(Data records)
===============
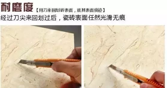 现在瓷砖不管是抛光砖、微晶石、全抛釉、仿古砖在耐磨程度上都已经达到了质的飞跃,基本你怎么去刮去划都不会有问题的,如果这都保证不了,那还是早点扔了换个砖把!
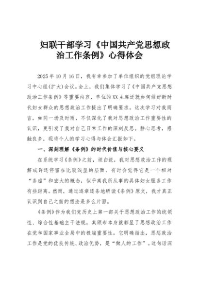 / 【七哥公文】2025年:妇联干部学习《中国共产党思想政治工作条例》心得体会+更多免费公文+VX:QiGeGongWen2024
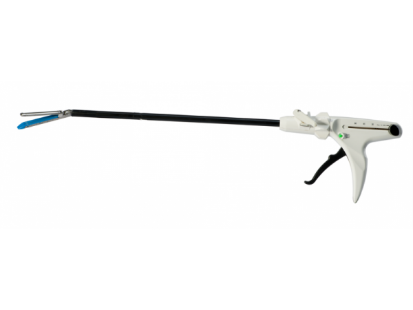 產(chǎn)品說明:四排縫合釘成弧形排列,中間一把弧形切割刀。盆腔空間狹窄,弧形切割縫合更利于手術(shù)效果。手術(shù)視野大,便于操作。同一把器械,在
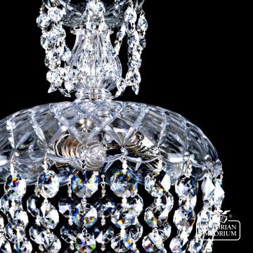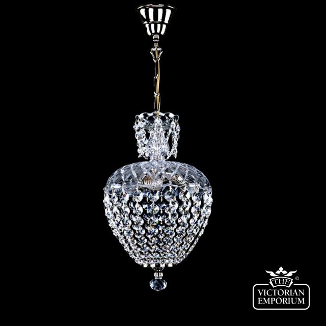 Lovely basket chandelier dressed with 30% PbO bohemian crystal trimmings and suitable for small areas
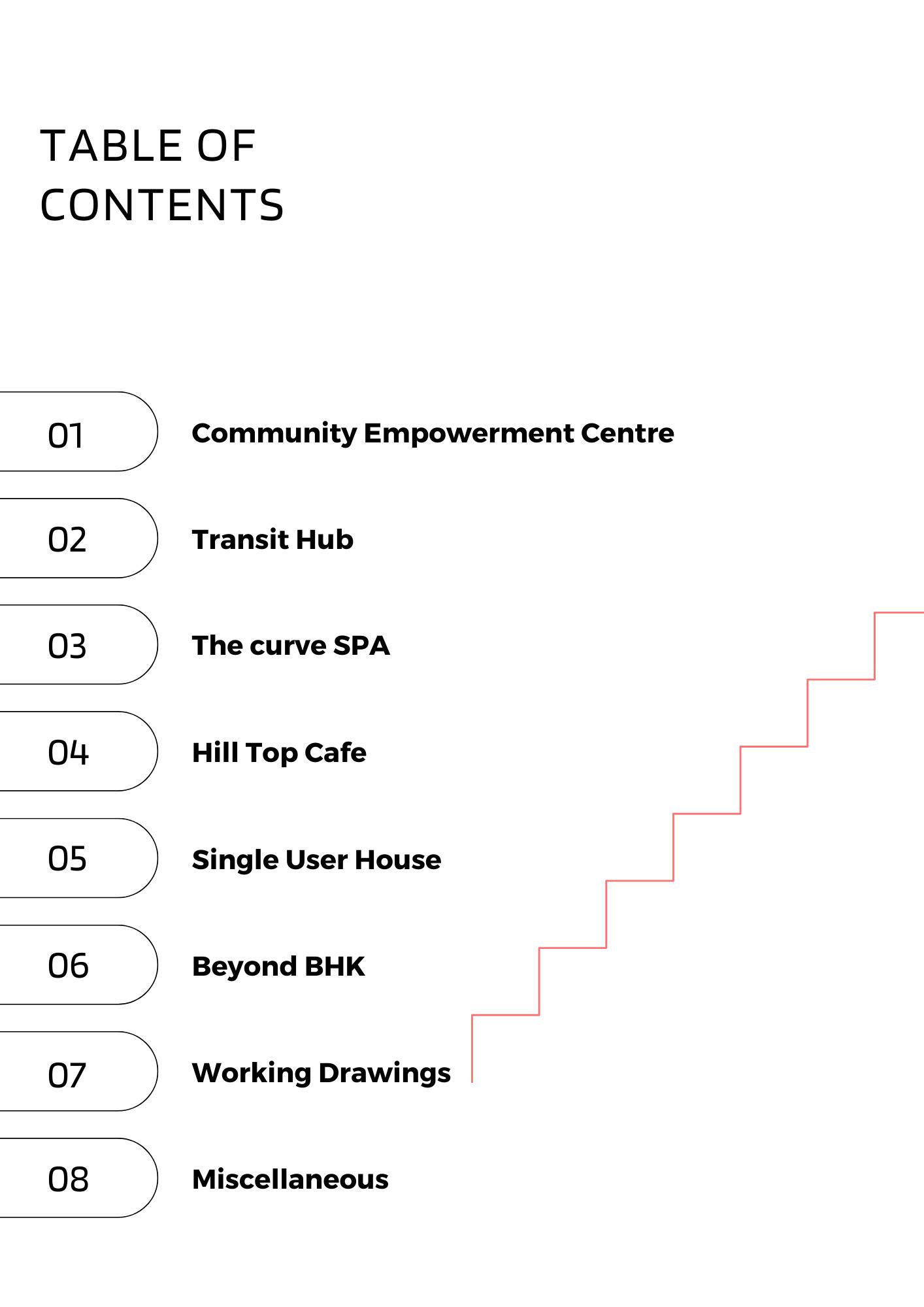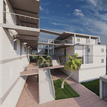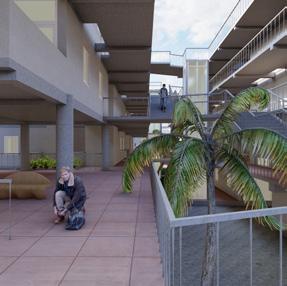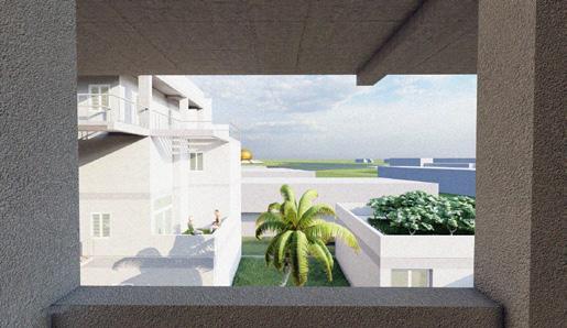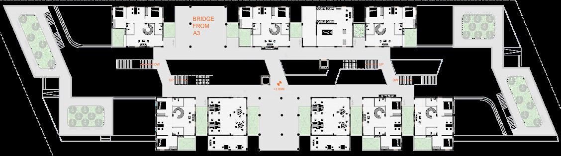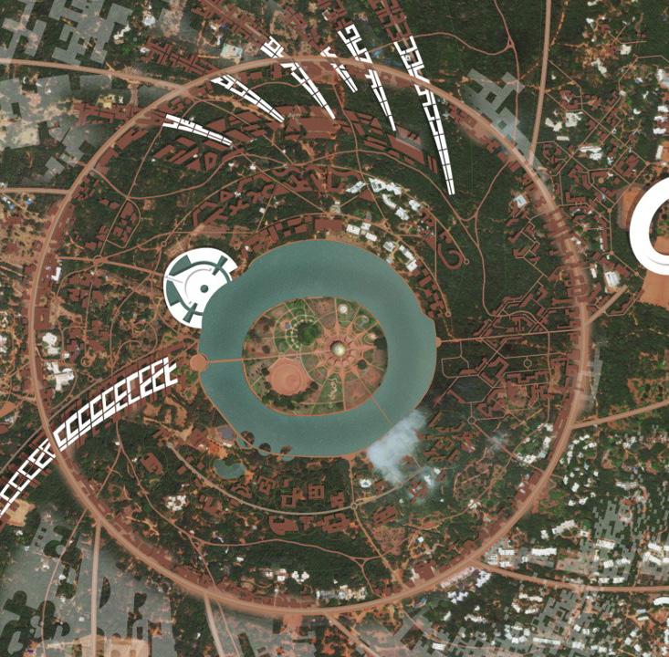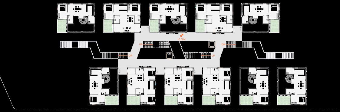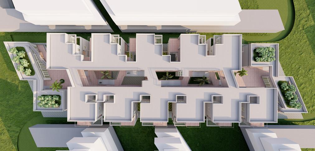 Each unit has their own court yard / green brakeout space and the common circulation spaces such as coridors, zig-zac staircase and visitors tracks at ground level are connect to the green pockets and trasparent to the surroundings and edge of every common spce at different level has a better view towards matrimandir.
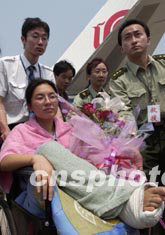 五月三十日,在阿爾及利亞地震中受傷的李燕斐等四名中國建筑工程總公司員工乘包機回到北京。在5月22日發生的阿爾及利亞地震中,共有9名中國人遇難,9人受傷。中新社記者 張煒 攝
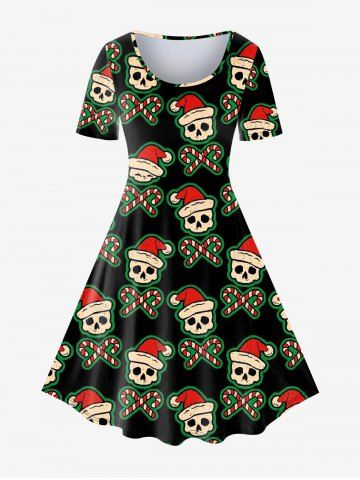 s*****25Plus Size Christmas Skull Hat Candy Print DressColor: BLACK Size: 3X | US 22-24nice comfy dress love the design and will be nice to wear for the Christmas month 😊
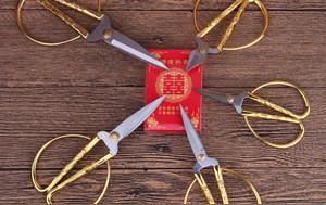 剪刀是传统婚礼中的“六证”之一,生活中用来做衣服的,婚嫁中寓意新娘婚后生活的绫罗绸缎、前程锦绣,与新郎共享人生的荣华富贵。
===============
Restate the records above in full, word for word. Keep pictures out.

 现在瓷砖不管是抛光砖、微晶石、全抛釉、仿古砖在耐磨程度上都已经达到了质的飞跃,基本你怎么去刮去划都不会有问题的,如果这都保证不了,那还是早点扔了换个砖把!
 / 【七哥公文】2025年:妇联干部学习《中国共产党思想政治工作条例》心得体会+更多免费公文+VX:QiGeGongWen2024
 產(chǎn)品說明:四排縫合釘成弧形排列,中間一把弧形切割刀。盆腔空間狹窄,弧形切割縫合更利于手術(shù)效果。手術(shù)視野大,便于操作。同一把器械,在
 Lovely basket chandelier dressed with 30% PbO bohemian crystal trimmings and suitable for small areas
 Each unit has their own court yard / green brakeout space and the common circulation spaces such as coridors, zig-zac staircase and visitors tracks at ground level are connect to the green pockets and trasparent to the surroundings and edge of every common spce at different level has a better view towards matrimandir.
 五月三十日,在阿爾及利亞地震中受傷的李燕斐等四名中國建筑工程總公司員工乘包機回到北京。在5月22日發生的阿爾及利亞地震中,共有9名中國人遇難,9人受傷。中新社記者 張煒 攝
 s*****25Plus Size Christmas Skull Hat Candy Print DressColor: BLACK Size: 3X | US 22-24nice comfy dress love the design and will be nice to wear for the Christmas month 😊
 剪刀是传统婚礼中的“六证”之一,生活中用来做衣服的,婚嫁中寓意新娘婚后生活的绫罗绸缎、前程锦绣,与新郎共享人生的荣华富贵。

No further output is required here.